I recognised the voice but pretended not to hear him. I was tempted to ‘hang’ back, but there was no way I would lose face in front of all the others who had heard the threat; the person who uttered the threat was Brian Greatorix I had heard that he had signed professional forms for Castleford Rugby League Club as a prop forward and I was slightly in awe of him. Although he was as tall as I and about my weight he looked, to me, ‘rather hard’. I got on the cage, secretly wishing that he would also manage to get on the same cage, he did not, and he was resigned to the second one.

I was already getting washed when Brian entered the showers; I was hoping he had forgotten the incident but no. He uttered in front of everybody within earshot, “I told you what would happen if you got on the cage before me, you’ve got it to have”. I mumbled something but I didn’t feel too confident to say much. The upshot of it all was that most of the course congregated just outside of the pit premises, a ring of people was formed and the fight began.

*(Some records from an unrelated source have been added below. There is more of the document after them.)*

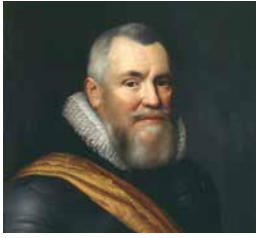
Willem de Zwijger (1533-1584), prins van Oranje, stadhouder van Holland, Zeeland en Utrecht 1572-1584, vanaf 1580 ook Friesland, Groningen, Drenthe en Overijssel
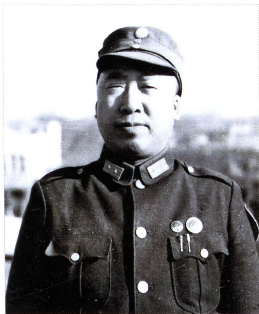
▲ 滕代远（1904~1974），麻阳苗族自治县人，苗族。共和国第一任铁道部长，全国政协副主席。
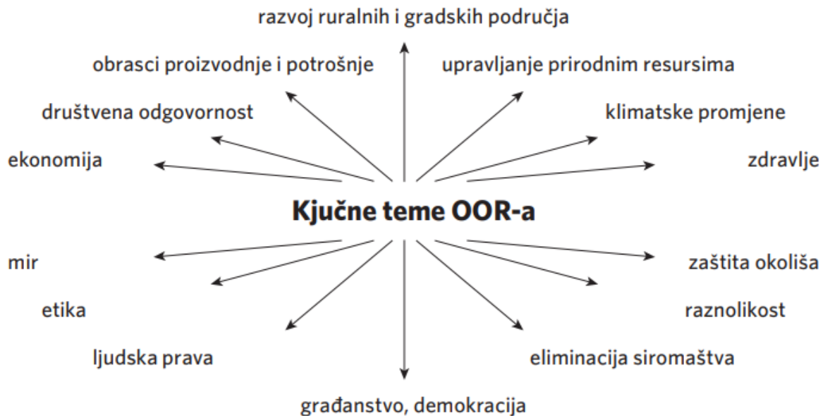
Slika 4. Teme obrazovanja za održivi razvoj, slika preuzeta iz priručnika za osnovne i srednje škole, Obrazovanje za održivi razvoj , Zagreb, 2011.

stvarnosti, pokazuju da se održivost zaista može ostvariti, inspiracija su i poticaj. Stoga je u pripremi programa obrazovanja za održivi razvoj važno prikupiti pozitivne i uspješne primjere, te se usmjeriti na moguće i ostvarivo, s pogledom u budućnost koju sami oblikujemo i koju ovisno o našim svakodnevnim izborima, možemo učiniti svijetlom i optimističnom.
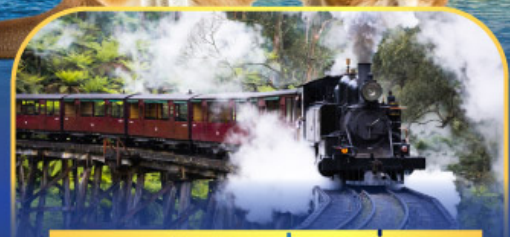
รถไฟพัพพิงบิลลี่

ล่องเรือชมอ่าวซิดนีย์พร้อมรับประทานอาหารกลางวัน และ เข้าชมสวนสัตว์การองก้า
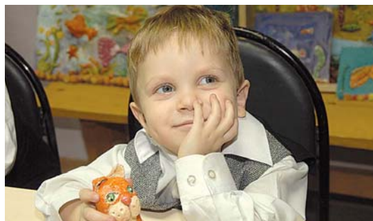
Должно хорошо получиться...
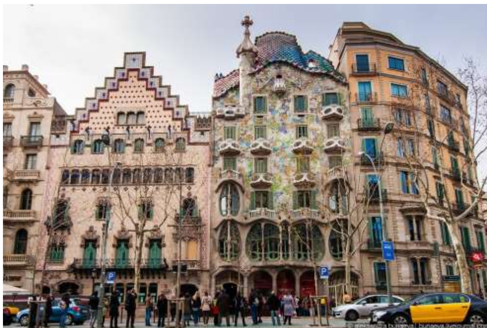
Рис. 7. Каса Амалье (Casa Amatller) и Каса Бальо (Casa Batlló) Антонио Гауди ( http://www.terra-z.ru/wp-content/uploads/2015/01/117.jpg )

ния, соседствующих с Каса Амалье, – Каса Бальо ( Casa Batlló ) Антонио Гауди и Каса Льео Морера ( Casa Lleó Morera ) Луиса Доменек-и-Монтанера. Любопытно, что ни одно из этих зданий не является вновь построенным; все три – реконструкции уже существующих домов. Дом Амалье появился первым. Прилегающая территория оснащена широкими тротуарами, вдоль которых выстроились магазины, фешенебельные ювелирные салоны, художественные галереи, кинозалы, гостиницы, кафе, рестораны и многочисленные торговые лавки. Уличные фонари работы Пере Фалькеса и дизайн пешеходной мостовой, которая проложена вдоль дома Амалье, выполнены по проекту А. Гауди.
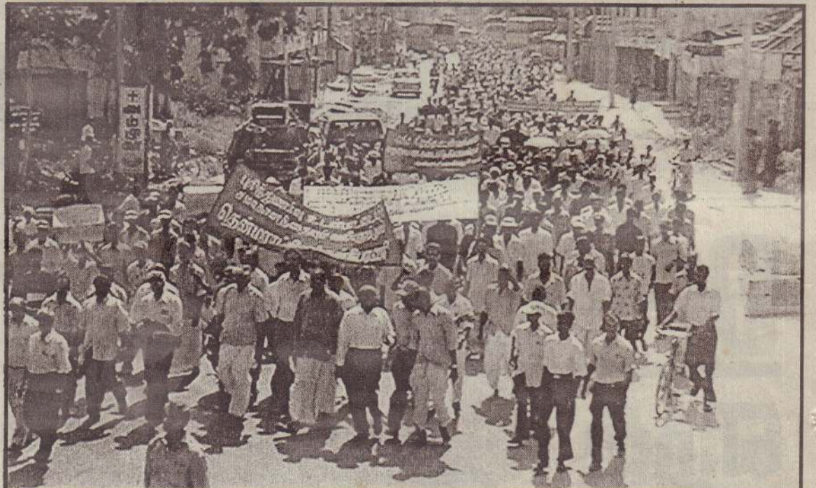
ஆயிரக்கணக்கானோர் கலந்துகொண்ட பேரணி சாவகச்சேரி பிரதேச செயலகத்தை நோக்கி நகரும் காட்சி.
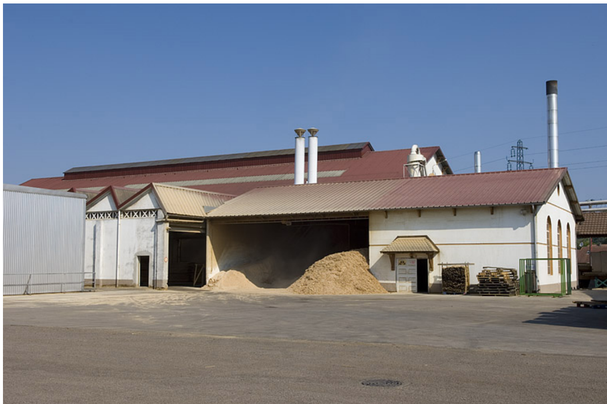
Atelier de réparation et entrepôt industriel vus depuis le sud.
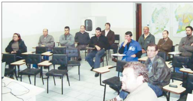
Representantes das quatro empresas discutiram indicadores de desempenho
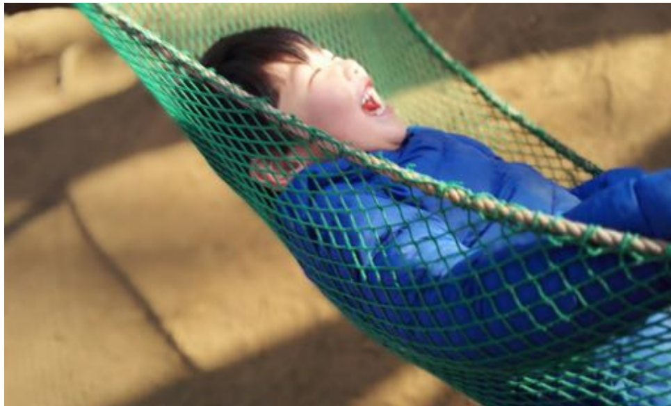
久しぶりのプレーパークが楽しくて！
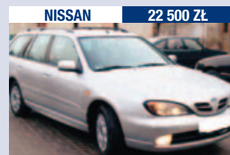
NISSAN 22 500 Zł

Laguna 1.9 DTI/115 KM, 1999 r., 140 tys. km, el. sterowane szyby i lusterka, Klimatronic, centralny zamek, welurowa tapicerka.
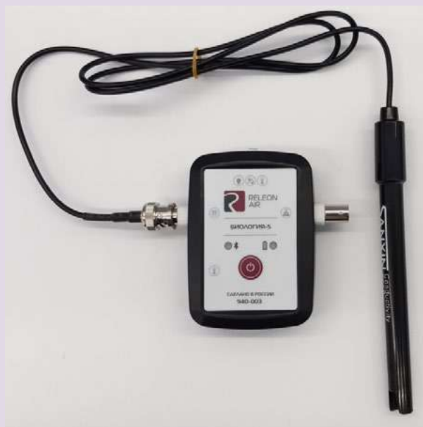
Рис. 5. Датчики электропроводимости

Датчик электропроводимости — предназначен для регистрации и измерения удельной электропроводности жидких сред, в том числе и водных растворов веществ. Применяется при изучении характеристик водных растворов, в том числе почвенных вытяжек.
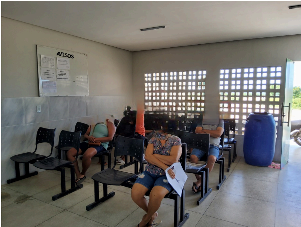
Sala de espera
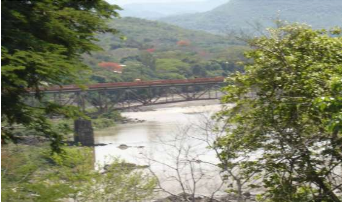
Puente entre El Salvador y Honduras
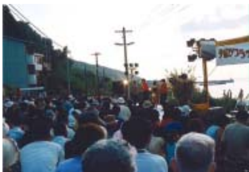
無人駅である JR 下灘駅が、この日はたくさんの人達で賑わいます。

全国でも例を見ない プラットホームをステージ にしたコンサートでは、音楽と瀬戸内海の自然との融合を楽しむことができ、毎年たくさんの人達が訪れています。この「 夕日 」が 主役のコンサート は 双海町の代表的イベント となり、2004年で19回を数えました。 (第2回から現在までプロデュースを担当しています。)
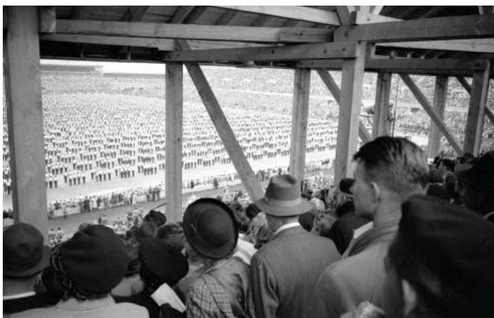
Slet 1948 – Pohled z tribuny na prostná mužů
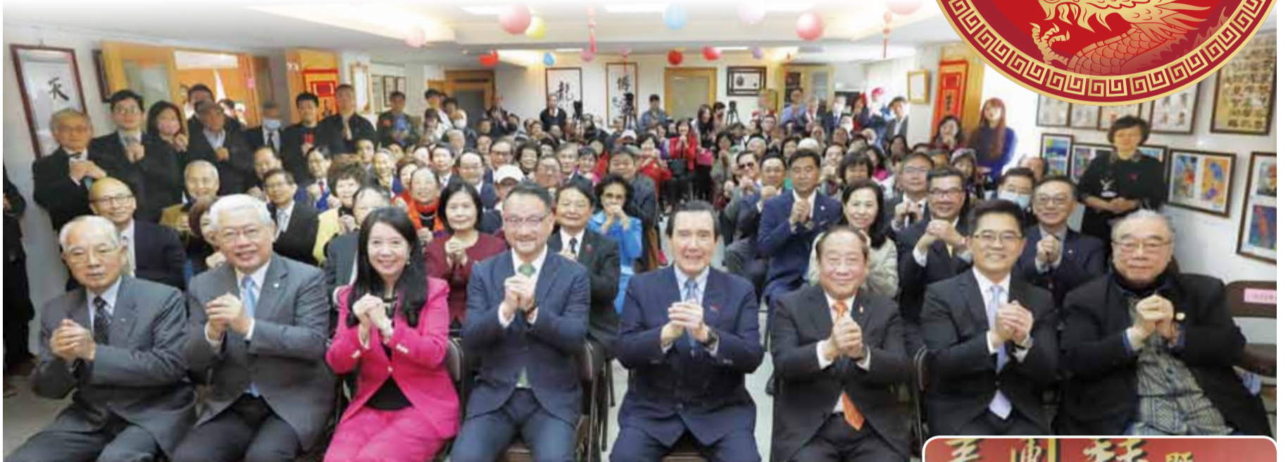
全場貴賓拱手賀新春。
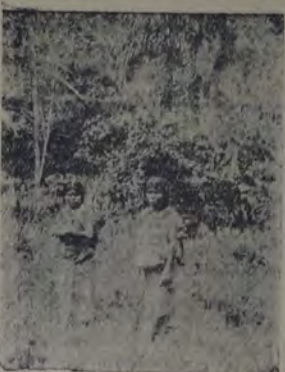
Madres campesinas de Costa Rica, con sus hijos a la espalda, de regreso de las tareas rurales.
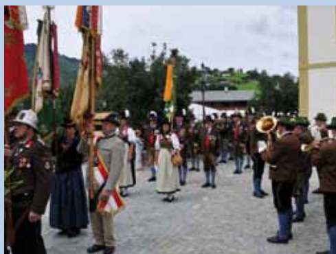
Aufmarsch der Kapruner Traditionsvereine
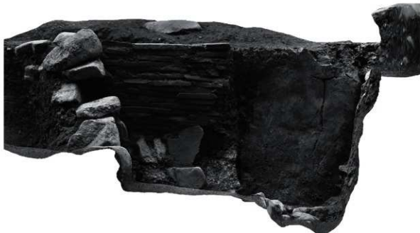
24 SK1 オルソー画像
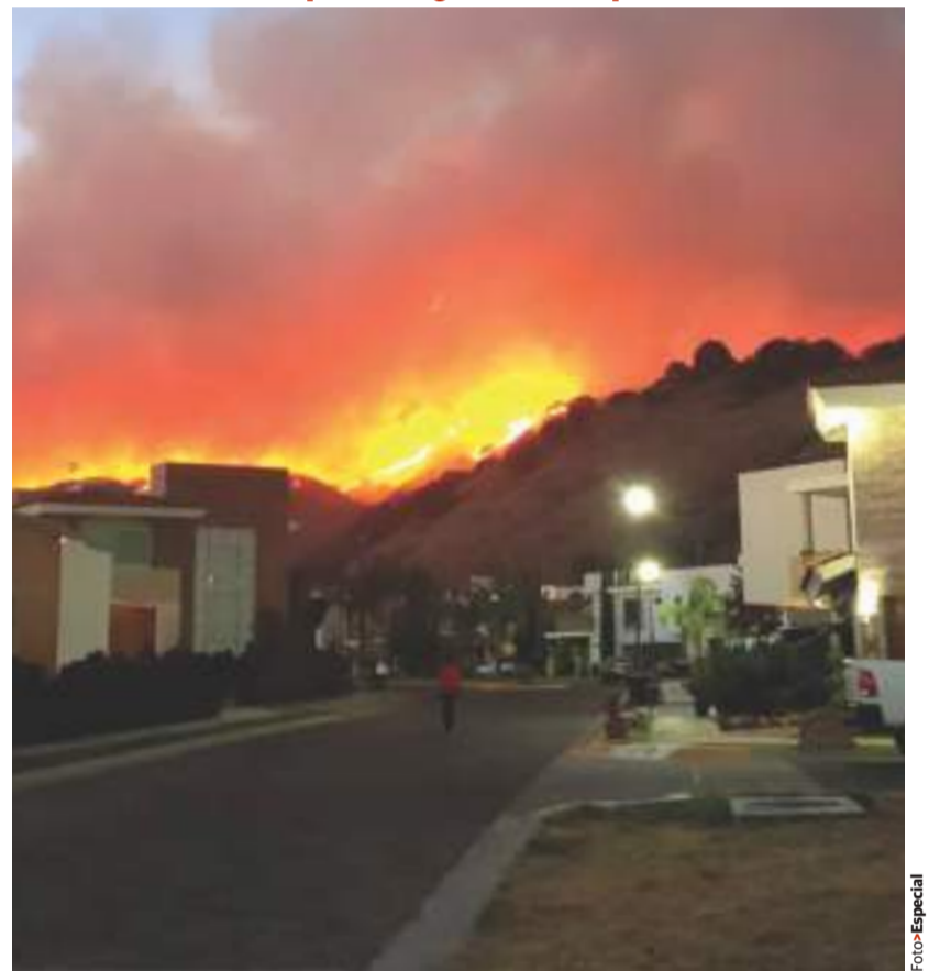
AUTORIDADES de Jalisco combaten el incendio con 4 aeronaves; el humo afectó, ayer, a Tlajomulco, Zapopan, Guadalajara y Tlaquepaque. pág. 10
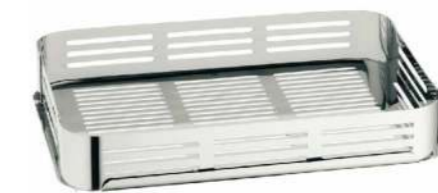
Steaming rack for stainless steel roaster HZ390012
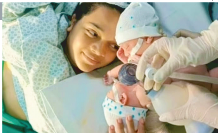
Bebês nasceram unidos pelo quadril e compartilhando órgãos vitais
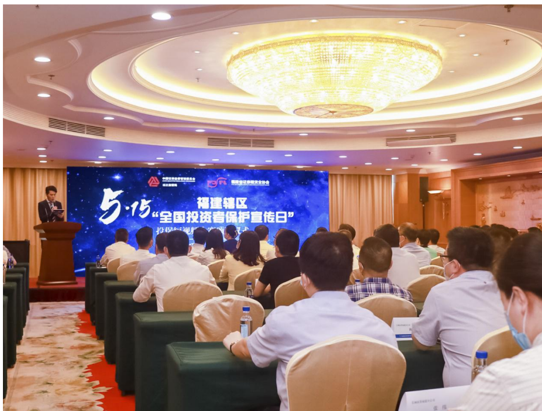
福建辖区举办“5·15 全国投资者保护宣传日”投保短视频大赛颁奖仪式。
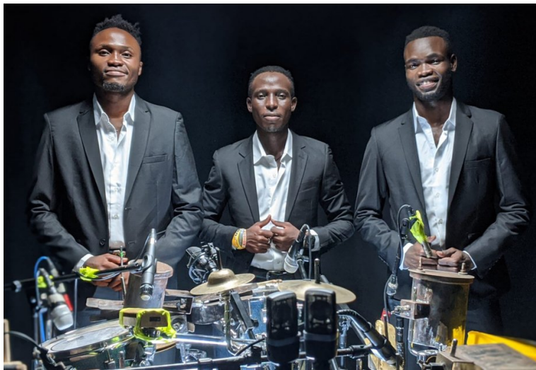
Arsenal Mikebe

Polyrythmies entêtantes, courses effrénées de percussions acoustiques et électroniques, voix hululées et drones synthétiques, la musique du trio Arsenal Mikebe saisit immédiatement par sa puissance de frappe peu commune. Basé à Kampala, les percussionnistes ougandais ont publié en 2024 un premier album stupéfiant, le bien nommé DRUM MACHINE, joué sur un dispositif conçu sur-mesure par le sculpteur Henry Segamwenge, une « machine à percussion » en acier moulé, qui intègre différents instruments et ustensiles pour créer un son inspiré de la mythique boîte à rythmes TR-808. Sur scène, les trois musiciens se font face, répartis aux trois angles de cet imposant triangle, pour emmener loin leur transe sauvage. Et le public avec eux.
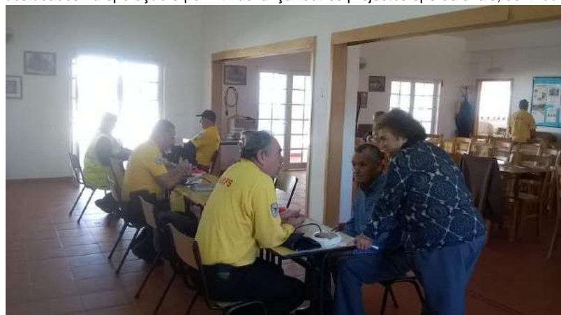
XLIV ACONCHEGO – 06, 07 e 08 ABR 18

Esta operação que se tem desenvolvido acentuadamente no território da Junta de Freguesia de Grândola e de Santa Margarida da Serra e com o apoio permanente e efectivo da sua Presidente, vem recebendo acrescida intervenção da autarquia de Grândola que, vem recuperando e melhorando as instalações da BoOGra em Água Derramada, essenciais para imprescindível no apoio logístico aos operacionais da ANAFS destacados na operação e permitindo lançar outros projectos operacionais, contribuindo assim para os objetivos humanitários da Associação.
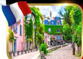
Rue de l'Abreuvoir มงมาร์ต
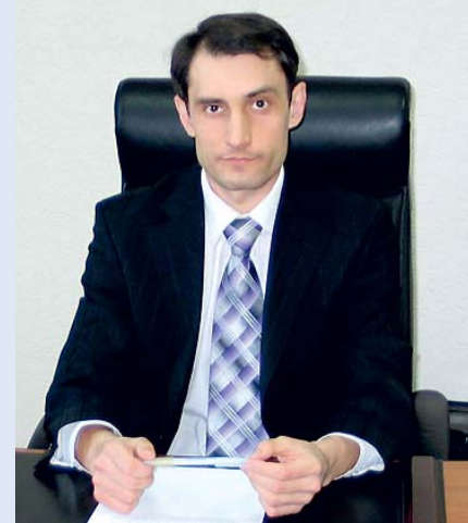
Директор Фонда медицинского страхования Андрей САУХИН:

- На 2015 год Фонд выделил Балаковской городской больнице дополнительно к обычному финансированию 38 миллионов рублей, из которых более 7 миллионов рублей предназначены на ремонт помещений и приобретение необходимого оборудования. Надеюсь, что эти деньги помогут лечиться людям более комфортно.
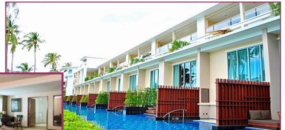
Panwa Duplex Lagoon Suite (Pool Access) <100m 2 >
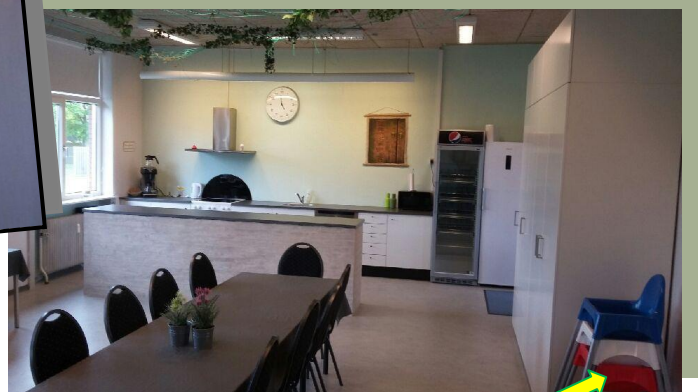
- 3 Højstole til de mindste ..

Klubbens lokaler efterlades i samme stand som ved modtagelse.. TAK! :-)
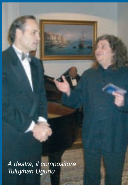
A destra, il compositore Tuluyhan Ugurlu

Il concerto, organizzato con il patrocinio delle autorità diplomatiche turche in Italia, si terrà sabato 31 marzo alle ore 20 presso le Officine del Volo, a Milano. Davvero speciale l'obiettivo che si andrà a centrare: il sostegno al Progetto 3H , uno tra i più rilevanti della storia della Fondazione Rotary, lanciato dal Distretto 2420 e subito sposato dal 2050.
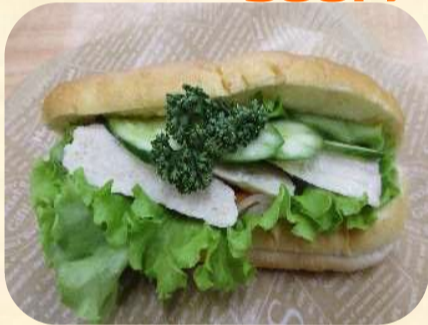
チキンパンミー 300円
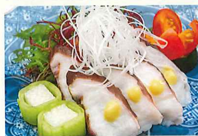
島ダコ酢味噌がけ ¥750
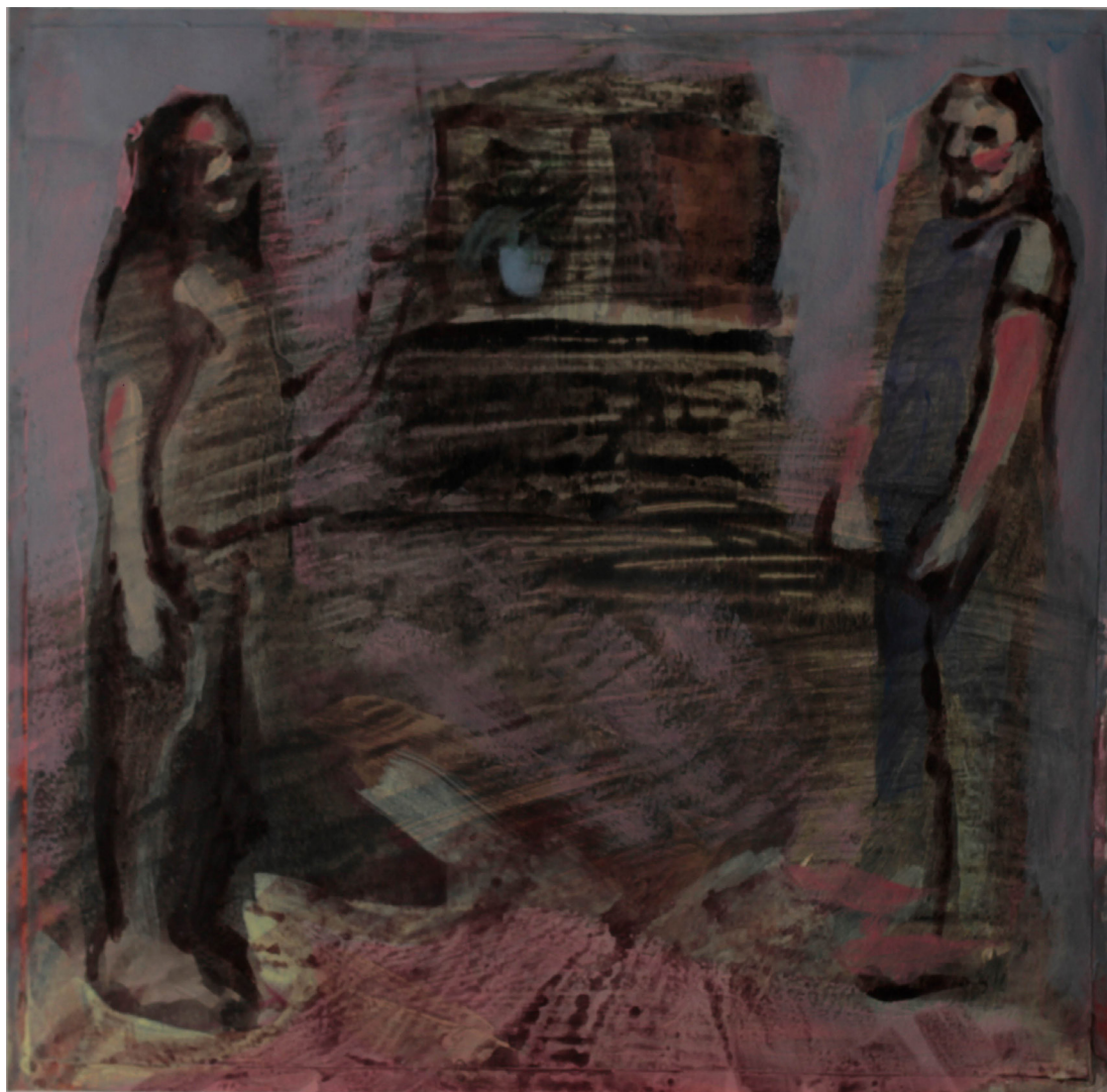
porządkowanie, 20x21 cm. akryl na papierze
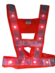
Chasuble Orange fluo led rouge
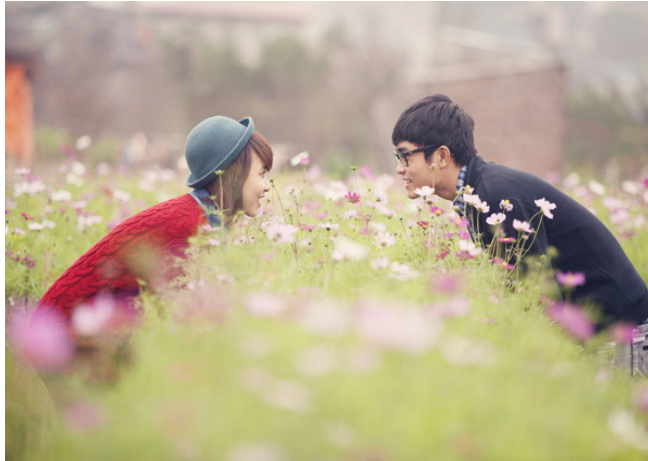
Sự chân thành, mạnh dạn và một chút sáng tạo là đủ để bạn giữ lửa yêu thương

Như ai đó đã nói: thời gian như cơn gió, sẽ thổi bùng ngọn lửa mạnh và dập tắt ngọn lửa yếu. Thế nên, để lửa tình yêu luôn cháy mãi, hãy tiếp cho nó thêm sức mạnh bằng sự quan tâm, lắng nghe và chia sẻ với nhau. Chỉ có như vậy, khi gặp thử thách, bạn mới có sức mạnh để bạn vượt qua khó khăn.

I tried boxing him and because he obviously had some boxing experience I didn’t feel very successful. He must have tried the same thing with the same result that in the end we both stood toe to toe slugging at each other. My blows on him were full blooded and on target, but his also were the same on me. My punches did not seem to be having any effect on him but his were on me. We seemed to be ‘at it’ for ages when we both seemed to step back before a further onslaught. As we stood back he said something to the effect “You’ve obviously done some of this before”, meaning fighting, I immediately recognised this as, and he was willing to talk.

My answer was “So have you, do you still want to carry on?”

“Call it a draw then,” he offered. I was more than thankful to call it off. My answer was an immediate, “Yes”. I had just had the hardest fight of my life, inside the ring or out and I was relieved to get out of it evens.

The surrounding spectators broke out into spontaneous clapping which in itself was unusual; at least they had enjoyed it. With that we both shook hands and went our separate ways, there was no animosity felt or given. Throughout the rest of our training we had a new found respect for each other. We both bore our black eyes and facial bruises with a little pride for most of the following week.

I grew to like Brian when I got to know him. We became quite good friends. He sometimes joined our group of mates during our evening weekend jaunts round Wakefield.